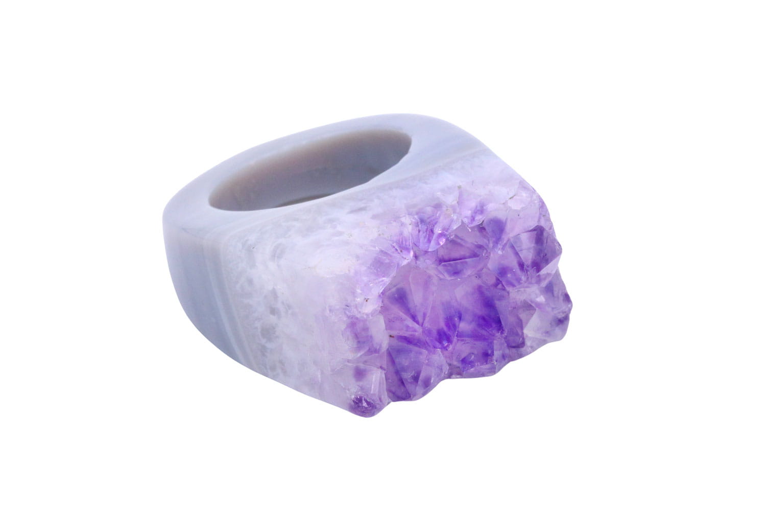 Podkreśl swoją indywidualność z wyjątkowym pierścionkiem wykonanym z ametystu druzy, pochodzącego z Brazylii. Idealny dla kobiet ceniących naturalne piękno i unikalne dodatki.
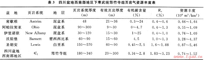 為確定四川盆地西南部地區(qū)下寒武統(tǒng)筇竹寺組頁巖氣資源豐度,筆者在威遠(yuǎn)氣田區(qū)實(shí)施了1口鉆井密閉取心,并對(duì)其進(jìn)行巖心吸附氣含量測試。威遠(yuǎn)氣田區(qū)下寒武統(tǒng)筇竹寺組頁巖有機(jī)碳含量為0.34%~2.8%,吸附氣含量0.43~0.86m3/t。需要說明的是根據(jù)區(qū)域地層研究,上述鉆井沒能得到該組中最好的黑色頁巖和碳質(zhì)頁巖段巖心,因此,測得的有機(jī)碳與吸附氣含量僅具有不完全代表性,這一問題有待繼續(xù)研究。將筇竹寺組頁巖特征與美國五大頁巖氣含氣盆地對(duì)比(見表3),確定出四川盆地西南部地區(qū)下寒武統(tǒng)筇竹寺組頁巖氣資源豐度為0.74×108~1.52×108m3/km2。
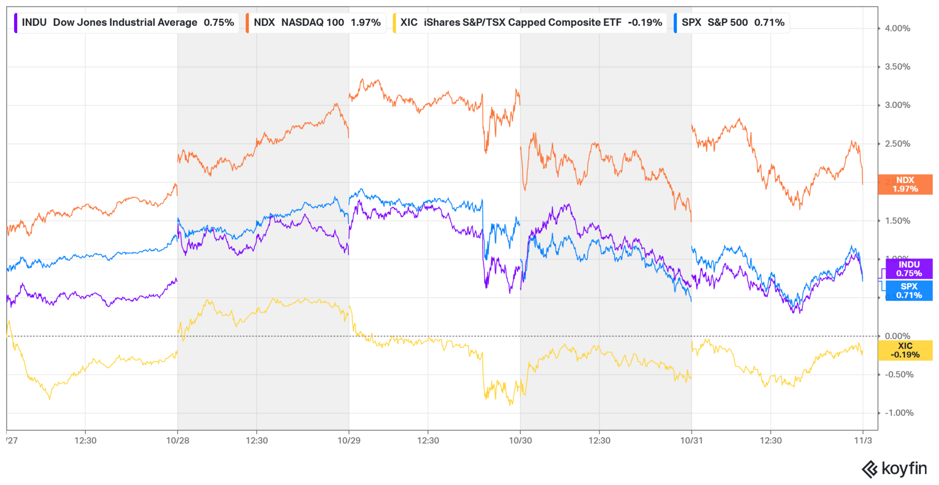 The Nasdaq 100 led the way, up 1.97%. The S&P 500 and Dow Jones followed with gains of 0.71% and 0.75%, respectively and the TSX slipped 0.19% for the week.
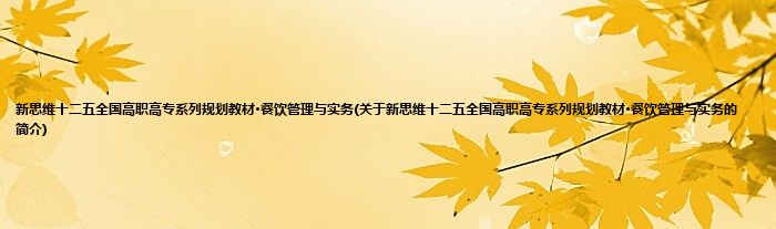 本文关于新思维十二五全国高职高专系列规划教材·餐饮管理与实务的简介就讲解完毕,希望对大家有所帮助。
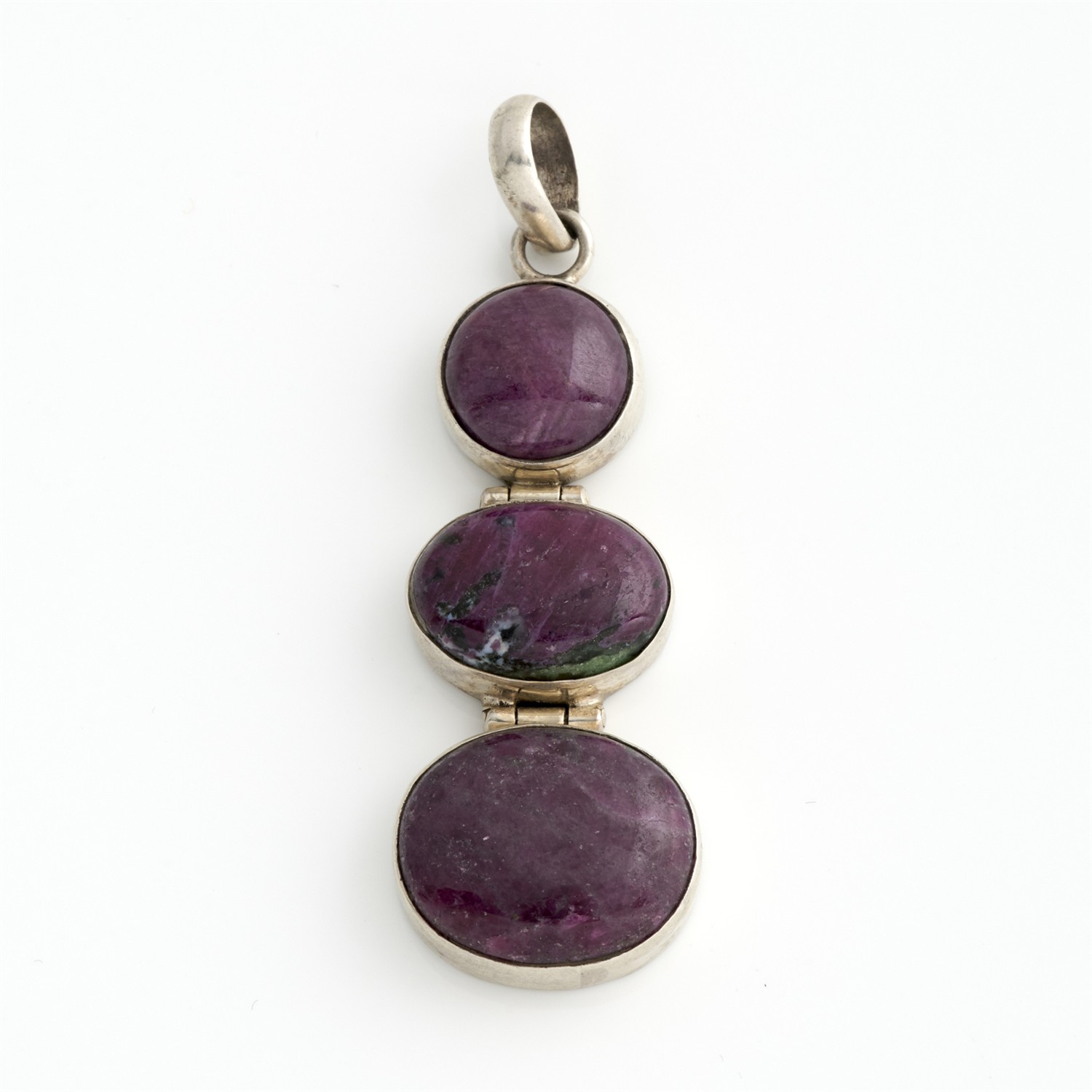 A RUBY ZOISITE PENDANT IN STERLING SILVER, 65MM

◆ ◆ ◆

Print exactly the lines from the one containing "The Nasdaq 100" through the last line of the records, both included, and leave out the pictures.

• **Final answer**
 The Nasdaq 100 led the way, up 1.97%. The S&P 500 and Dow Jones followed with gains of 0.71% and 0.75%, respectively and the TSX slipped 0.19% for the week.
 本文关于新思维十二五全国高职高专系列规划教材·餐饮管理与实务的简介就讲解完毕,希望对大家有所帮助。
 A RUBY ZOISITE PENDANT IN STERLING SILVER, 65MM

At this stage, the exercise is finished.